GuidesAPI ReferenceDiscussions
GuidesBlogPlatform

Tracking DataStage

Overview

With Databand, you can track the execution of your DataStage jobs. This is achieved through the use of a syncer that will scan your DataStage project every few seconds and report on collected metadata from any jobs that have been run. With the metadata collected, you can enable powerful alerting to notify your data team on the health of your jobs and the quality of your inputs and outputs.

Available Alerting

Databand natively offers the following alerts for your DataStage job runs:

  • Run and task state alerts (e.g. running, successful, failed, etc.)
  • Run duration alerts
    • anomaly detection
    • percent ranges (e.g. duration within 20% of 100 seconds)
    • basic comparison operators (e.g. duration > 100 seconds)
  • Schema changes for inputs and outputs
    • new columns added
    • old columns removed
    • datatypes of existing columns changed
  • Record counts for inputs and outputs
    • anomaly detection
    • percent ranges (e.g. record count within 20% of 100,000 rows)
    • basic comparison operators (e.g. record count > 100,000 rows)

Creating a DataStage Syncer:

To begin monitoring your DataStage project in Databand, start by creating a DataStage syncer in the Databand UI:

  1. Click on Integrations in the lefthand menu.

  2. Click the Connect button under DataStage.

    datastage syncer

  3. Choose whether you are an on-prem user or a cloud user in the following popup:

    datastage user type

  4. Follow the additional steps in the section below that is relevant to your user type:

On-prem users

  1. In the syncer configuration, provide the following details, and then proceed to step 6:

    add datastage on-prem syncer

    • Syncer name - This will become the name of your DataStage syncer in the Databand UI.

    • Hostname - The URL you use to access your on-prem installation of DataStage.

    Select authentication method:

    • Basic authentication

      • Username/Password - The credentials you use to access your on-prem installation of DataStage.

    Advanced settings:

    • Number of threads - The number of concurrent threads to use on the DataStage API client. The default recommended value is 2.

Cloud users

  1. In the syncer configuration, provide the following details, and then proceed to step 6:

    add datastage cloud syncer

    • Syncer name - This will become the name of your DataStage syncer in the Databand UI.

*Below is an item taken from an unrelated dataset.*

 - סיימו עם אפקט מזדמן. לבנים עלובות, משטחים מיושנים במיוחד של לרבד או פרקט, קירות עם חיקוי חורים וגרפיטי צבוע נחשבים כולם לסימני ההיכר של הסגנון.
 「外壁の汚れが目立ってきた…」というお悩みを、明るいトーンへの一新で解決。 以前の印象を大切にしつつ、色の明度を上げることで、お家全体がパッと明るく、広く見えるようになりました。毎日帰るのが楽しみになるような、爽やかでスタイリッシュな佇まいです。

    • API key - The API key will allow Databand to authenticate with your DataStage project. To generate a new API key for your user identity, follow these steps outlined in the IBM documentation.

    Advanced Settings:

    • Number of threads - The number of concurrent threads to use on the DataStage API client. The default recommended value is 2.

All users

  1. After providing the required parameters, click Next.

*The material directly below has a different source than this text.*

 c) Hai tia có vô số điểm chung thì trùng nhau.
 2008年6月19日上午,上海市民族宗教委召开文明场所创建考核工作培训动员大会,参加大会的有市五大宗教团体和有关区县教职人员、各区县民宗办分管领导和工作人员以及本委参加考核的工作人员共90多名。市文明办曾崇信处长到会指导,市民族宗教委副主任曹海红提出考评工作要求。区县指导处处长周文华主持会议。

  2. You will be taken to a list of all DataStage projects that are accessible based on the authentication method previously provided. This will include any projects you've created yourself as well as any projects that have been shared with you. Select the projects that you would like for the syncer to monitor, and then click Save.

    datastage projects list

    NOTE: A DataStage project can only be monitored by a single syncer in Databand. If any of the projects to which you have access have already been added to another Databand syncer, those projects will be grayed out, and you will be unable to add them to your syncer.

  3. (Optional) By default, the source name attributed to a DataStage project and all of its jobs will be the account ID under which that project is located. If you would like to change the source name, click the edit button next to the account ID, enter a new source name, and then click the check mark to save it.

    datastage source name

    NOTE: When you modify the source name for a particular account ID, that source name will apply to all instances of that account ID throughout Databand. This means that the source name for any existing pipelines monitored under that account ID will also change, and any future pipelines that may be monitored under that account ID will also reflect the source name you have specified.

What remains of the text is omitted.